Zur CeBIT 1993, einst die weltgrößte Computermesse, stellte Intel seinen ersten superskalaren x86-Prozessor vor. Der 1992 angekündigte Nachfolger der 4. Generation von x86-CPUs brach mit der üblichen Nomenklatur: Der Pentium war geboren.

Der erste Intel Pentium aus dem Jahre 1993 sollte so wegweisend werden, dass er heute als absoluter Meilenstein und einer der Hauptakteure der PC-Revolution angesehen wird und als der Wegbereiter für den Multimedia-PC gilt.

Der Chip eroberte den Markt so effektiv, dass das Magazin Fortune ihn im Jahr seiner Veröffentlichung als Hauptakteur der PC-Revolution auf das Cover brachte. — Intel

In diesem ausführlichen Special wollen wir uns die Geburtsstunde eines der wichtigsten und legendärsten Prozessoren aller Zeiten einmal im Detail ansehen.

Der Nachfolger des 486ers

Zum Ende des Jahres 1992 ließ Intel verlauten, mit dem bereits für die CeBIT 1993 angekündigten Nachfolger ihres äußerst erfolgreichen Prozessors i486, welcher auch von anderen Unternehmen unter Lizenz gefertigt wurde, erstmals mit seinem im Jahre 1982 durch den 80286 alias "286er" etablierten Namensschema zu brechen. Der neue Name Pentium war abgeleitet von penta ("πεντα"), dem griechischen Wort für "fünf".

Namensgebung Quelle: Intel Intel begründete die Namensänderung seinerzeit mit dem Umstand, die Zahlen markenrechtlich nicht ausreichend schützen lassen zu können, was dazu führte, dass Intels Konkurrenten wie AMD und Cyrix für ihre i486-Klone nur leicht abgewandelte Bezeichnungen wie AMD Am486 oder Cyrix Cx486 verwendeten.
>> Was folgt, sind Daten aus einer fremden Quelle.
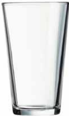
G3960 Mixing Glass 16oz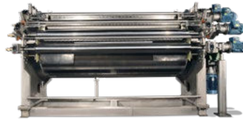
Atmospheric Single Drum Dryer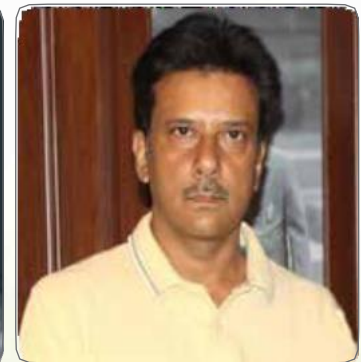
Shri Tappas Dutta Commissioner Tax & Excise, Govt. of Arunachal Pradesh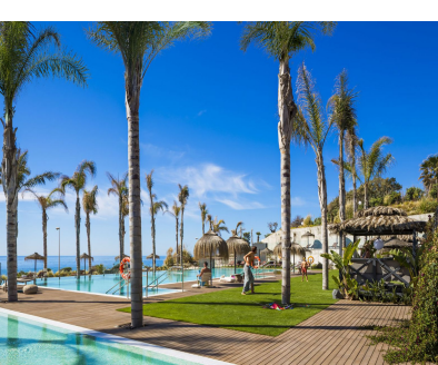
Ref.-ID: R4588909 Mijas Costa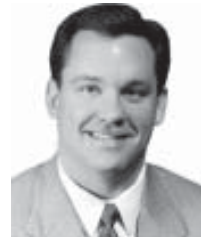
Sen. Jon Bruning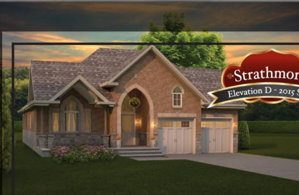
Strathmore Elevation D - 2015 SF

Seit den Zeiten des i386 versuchte Intel seine Konkurrenz und deren "Nachbauten" durch den Schutz von Warenzeichen erfolglos vom Markt zu verdrängen. Nachdem ein US-Gericht urteilte, dass die Bezeichnungen 586, i586 und 80586 nicht schützenswert seien, wurde seitens Intel die Idee vom Pentium geboren und letztlich in die Tat umgesetzt. — PCGH

Wie bereits beim Intel i486 kam erneut das gleiche Entwicklerteam rund um die zwei Hauptarchitekten John Crawford und Uri C. Weiser, welcher weithin als der Ur-Vater der Pentium-Mikroarchitektur gilt, zum Einsatz und entwickelte unter dem neuen Codenamen "P5" den allerersten Intel Pentium mit 60 und 66 MHz.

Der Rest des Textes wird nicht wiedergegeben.